• _Exercise prompt_:
Looking through the listing that follows, count every line with the string "siswa" and state the number alone.
━━━━
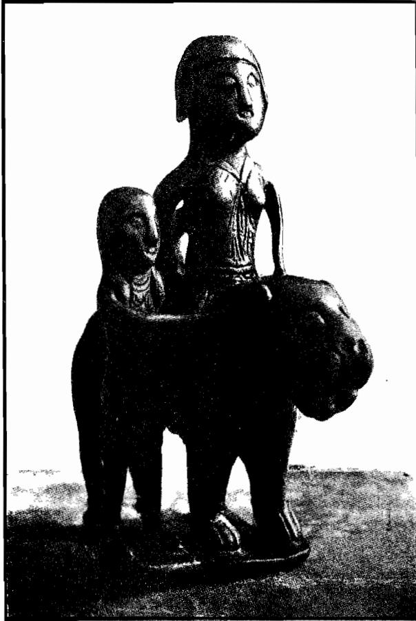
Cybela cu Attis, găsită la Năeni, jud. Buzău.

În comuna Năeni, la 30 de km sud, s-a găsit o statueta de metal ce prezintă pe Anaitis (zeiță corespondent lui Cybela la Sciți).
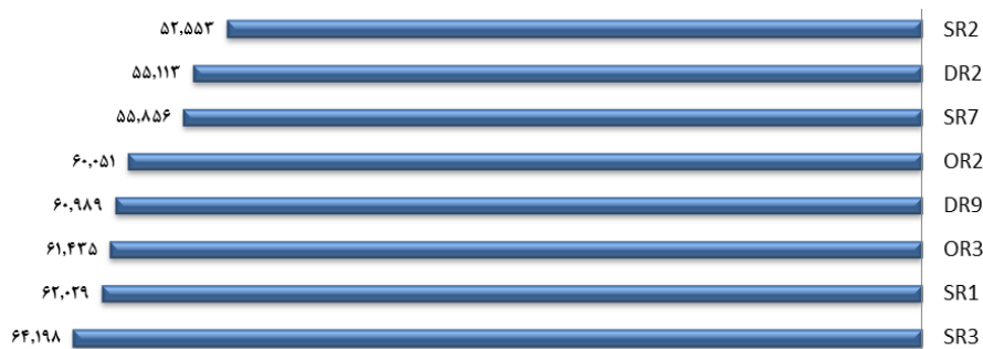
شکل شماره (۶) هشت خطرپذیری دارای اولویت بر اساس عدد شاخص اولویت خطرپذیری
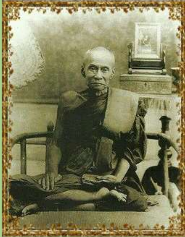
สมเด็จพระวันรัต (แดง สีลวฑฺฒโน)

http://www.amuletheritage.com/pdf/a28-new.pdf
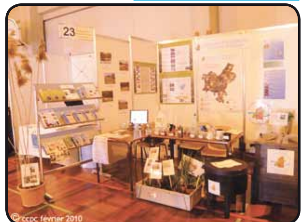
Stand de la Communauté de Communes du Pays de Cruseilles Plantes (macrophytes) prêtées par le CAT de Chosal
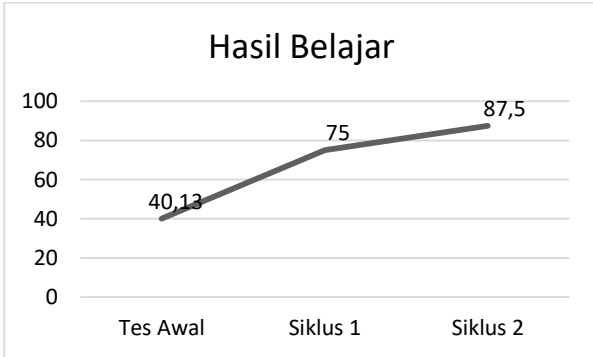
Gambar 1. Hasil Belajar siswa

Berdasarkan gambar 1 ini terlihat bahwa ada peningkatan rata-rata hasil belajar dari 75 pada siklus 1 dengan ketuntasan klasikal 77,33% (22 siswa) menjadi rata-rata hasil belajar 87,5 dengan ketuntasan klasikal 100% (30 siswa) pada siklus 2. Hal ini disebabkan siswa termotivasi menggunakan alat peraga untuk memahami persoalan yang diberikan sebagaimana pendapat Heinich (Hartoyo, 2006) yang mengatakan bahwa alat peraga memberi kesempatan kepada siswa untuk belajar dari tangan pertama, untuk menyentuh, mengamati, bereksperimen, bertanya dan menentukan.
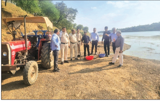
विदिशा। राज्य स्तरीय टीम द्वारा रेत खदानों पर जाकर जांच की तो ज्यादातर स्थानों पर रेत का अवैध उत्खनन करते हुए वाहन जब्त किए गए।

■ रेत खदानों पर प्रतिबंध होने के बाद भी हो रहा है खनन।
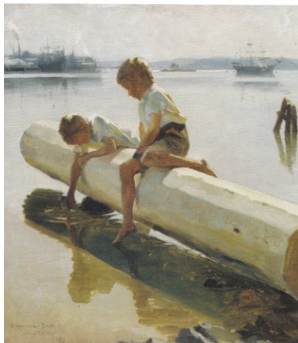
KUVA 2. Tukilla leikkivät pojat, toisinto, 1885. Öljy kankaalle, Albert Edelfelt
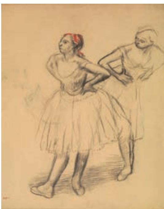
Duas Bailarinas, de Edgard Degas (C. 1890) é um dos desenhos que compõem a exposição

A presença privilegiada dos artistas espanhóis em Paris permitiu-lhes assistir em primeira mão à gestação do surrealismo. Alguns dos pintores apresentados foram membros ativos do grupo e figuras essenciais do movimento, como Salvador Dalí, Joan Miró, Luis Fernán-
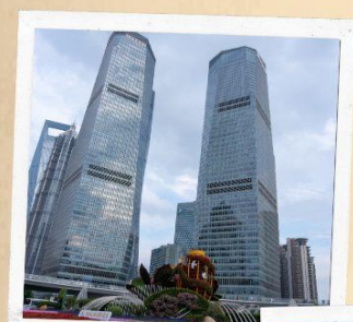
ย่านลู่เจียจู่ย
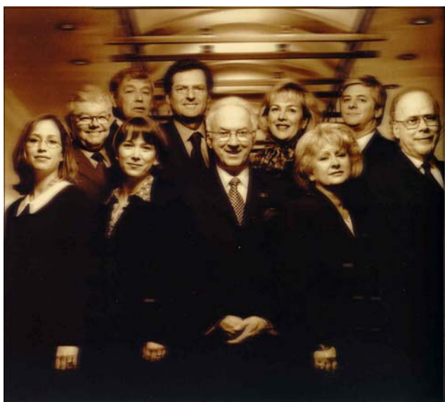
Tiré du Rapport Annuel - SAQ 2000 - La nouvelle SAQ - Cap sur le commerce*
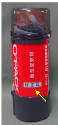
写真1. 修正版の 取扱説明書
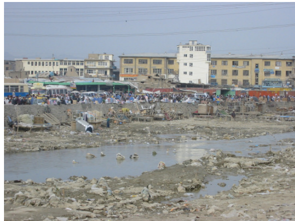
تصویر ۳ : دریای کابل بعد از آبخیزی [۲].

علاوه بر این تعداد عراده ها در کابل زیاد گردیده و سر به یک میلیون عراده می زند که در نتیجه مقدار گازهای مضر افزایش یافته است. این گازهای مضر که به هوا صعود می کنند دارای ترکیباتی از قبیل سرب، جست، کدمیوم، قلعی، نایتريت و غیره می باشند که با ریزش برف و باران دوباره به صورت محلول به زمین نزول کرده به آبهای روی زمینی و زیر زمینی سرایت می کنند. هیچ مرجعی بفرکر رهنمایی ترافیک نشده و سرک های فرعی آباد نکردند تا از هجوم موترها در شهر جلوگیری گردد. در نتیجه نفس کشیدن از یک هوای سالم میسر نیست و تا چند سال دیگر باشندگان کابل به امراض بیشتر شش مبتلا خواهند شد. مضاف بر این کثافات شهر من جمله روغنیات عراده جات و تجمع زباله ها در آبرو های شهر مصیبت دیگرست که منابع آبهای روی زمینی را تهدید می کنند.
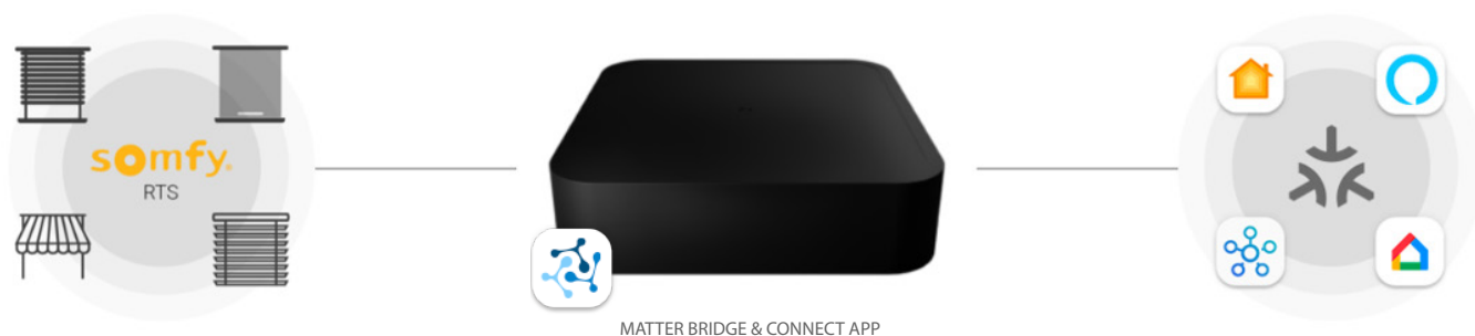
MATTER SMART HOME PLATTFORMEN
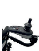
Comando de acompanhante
━━━━
• _Worked solution_:
2